The best way to learn how these work is simply to play with them.
You can also refer to Logisim documentation on RAM modules here.
Remember that the five components of a computer are control, datapath, memory, input, and output devices.
Unfortunately, we won't have much input besides loading to memory.
But we will have a cool output device using hex digit displays in Logisim. Each bundle should look like this:
You should use the new hex digit displays in Logisim (this will be much easier than trying to use the 7 segment ones).
Your project must include an array of at least two of these
display "bundles" (since our data is 16 bits and a hex digit is 4
bits you will need 4 digits per bundle) for output, in the top level of cpu.circ.
You may wish to add more so you
can have more interesting output, but we will only require two.
Remember that the disp instruction takes the value in
$rs and displays it on the immth "bundle". This means
you will only care about as many immediate values as you have
display bundles to show them on. You should connect the values being
displayed on the first two display bundles to the d0 and d1 outputs of
your processor.
Your bundles must display 0000 before any
disp instructions have been executed.
They must hold their values until another disp instruction replaces
the value in that bundle.
For example:
andi $r0, $r0, 0x0000
disp $r0, 0 # After this instruction, DISP[0] should show 0000
ori $r0, $r0, 0x1 # DISP[0] should still show 0000
add $r0, $r0, $r0 # DISP[0] should stlll show 0000
disp $r0, 0 # DISP[0] should now show 0002
This means you
will need to add some form of state for each
display bundle. The value on the display should update at the rising
edge of the clock cycle.
You also need to have an LED unit which lights up to signify signed overflow.

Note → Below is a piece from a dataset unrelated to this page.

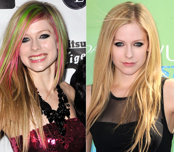 Em abril deste ano, a cantora canadense foi vista circulando com mechas verdes e cor-de-rosa em seus cabelos loiros. Quatro meses depois, Avril abandonou os fios coloridos e retomou a coloração loira. Como ela ficou mais bonita?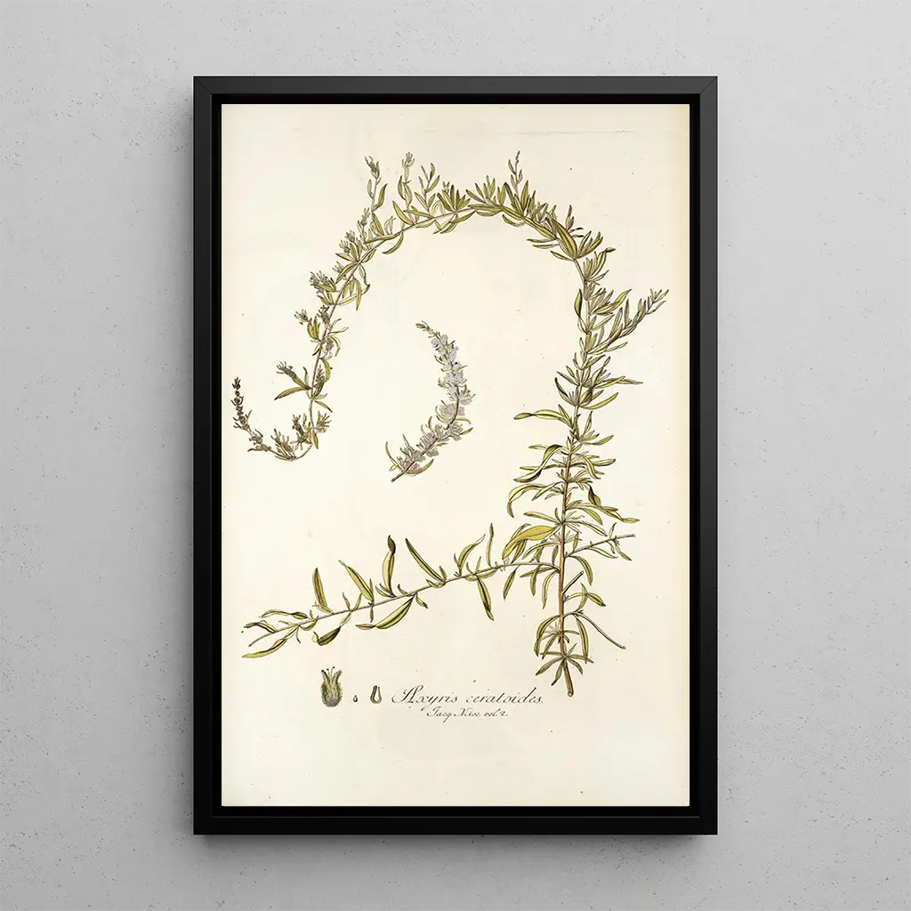 Kunsttrykket af "Axyris ceratoides" er et ideelt valg til at forskønne dit hjem, uanset om det er stue, kontor eller soveværelse. Dets trykkvalitet sikrer en enestående trofasthed over for farver og detaljer i det originale værk, hvilket tilføjer et strejf af elegance og sofistikation til din indretning. Dette kunsttryk inviterer til fordybelse og inspiration, samtidig med at det tilfører et naturligt friskhedselement til dit rum. Med sin æstetiske tiltrækningskraft vil dette kunsttryk appellere til både kunst- og botanikkendere og integreres harmonisk i forskellige indretningstyper.

This indicator should be wired to the signed overflow port of your ALU.
This should be viewable in your main circuit.
Since you are building a processor, you can run actual programs on it!
There are more details about testing your processor and the provided assembler in the Testing section, but in particular you will be REQUIRED to write and submit the following two programs:
-
Write a program that utilizes the SIMD add instruction you created to calculate A*C and B*C where A is MEM[0],
B is MEM[1], and C is MEM[2]. Then store the results A*C into the upper 8 bits of $r2 and B*C into the lower 8 bits of $r2.
Assume they are unsigned values and in addition do not worry about products that do
not fit in 8 bits (so this only does small calculations, multiplications that result in a number less than 256).
Your function must be labeled: "multsimd:". Feel free to clobber any memory values. At the end of the function, jump to the caller by doing jr $r3.
Save this file as multsimd.s.
- Write a program that displays the lower nine bits of the first 16-bit word of memory in octal (base 8) on Display Bundle 0.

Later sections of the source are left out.